Outcome: You should now have a short list of highly tuned algorithms on your machine learning problem, maybe even just one.
Next:One or more models could be finalized at this point and used to make predictions or put into production. Further lifts in performance can be gained by combining the predictions from multiple models.
4. Improve Performance With Ensembles
You can combine the predictions from multiple models. After algorithm tuning, this is the next big area for improvement. In fact, you can often get good performance from combining the predictions from multiple “good enough” models rather than from multiple highly tuned (and fragile) models.
Strategy: Combine the predictions of multiple well-performing models.
- Blend Model Predictions. Can you combine the predictions from multiple models directly? Perhaps you could use the same or different algorithms to make multiple models. Take the mean or mode from the predictions of multiple well-performing models.
- Blend Data Representations. Can you combine predictions from models trained on different data representations? You may have many different projections of your problem which can be used to train well-performing algorithms, whose predictions can then be combined.
- Blend Data Samples. Can you combine models trained on different views of your data? Perhaps you can create multiple subsamples of your training data and train a well-performing algorithm, then combine predictions. This is called bootstrap aggregation or bagging and works best when the predictions from each model are skillful but in different ways (uncorrelated).
- Correct Predictions. Can you correct the predictions of well-performing models? Perhaps you can explicitly correct predictions or use a method like boosting to learn how to correct prediction errors.
- Learn to Combine. Can you use a new model to learn how to best combine the predictions from multiple well-performing models? This is called stacked generalization or stacking and often works well when the submodels are skillful but in different ways and the aggregator model is a simple linear weighting of the predictions. This process can be repeated multiple layers deep.

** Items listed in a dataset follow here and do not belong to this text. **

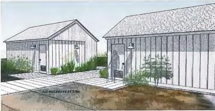
BSNHS - Public Washroom Buildings - South East Perspective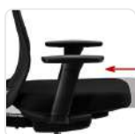
Adjustable Seat Depth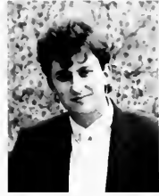
Daniel Alexander Hall Recreation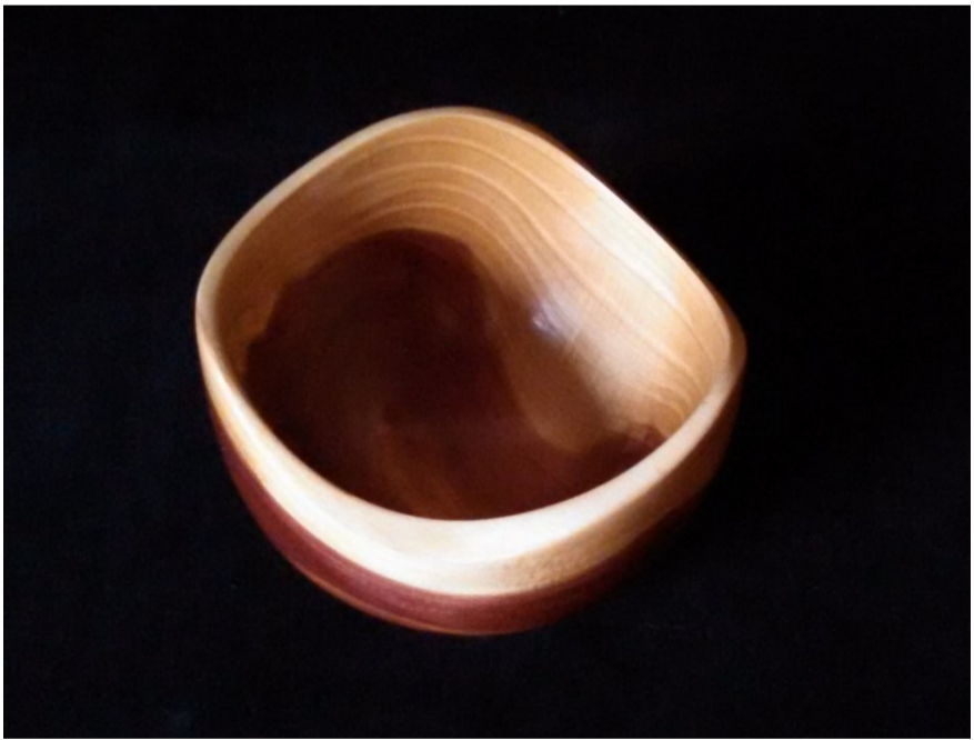
CHUCK JACKSON'S Natural Edge Bowl

Outcome: You should have one or more ensembles of well-performing models that outperform any single model.
Next: One or more ensembles could be finalized at this point and used to make predictions or put into production.
This cheat sheet is jam packed full of ideas to try to improve performance on your problem.
How To Get Started
You do not need to do everything. You just need one good idea to get a lift in performance.
Here’s how to handle the overwhelm:
- Pick one group
- Pick one method from the group.
- Pick one thing to try of the chosen method.
- Compare the results, keep if there was an improvement.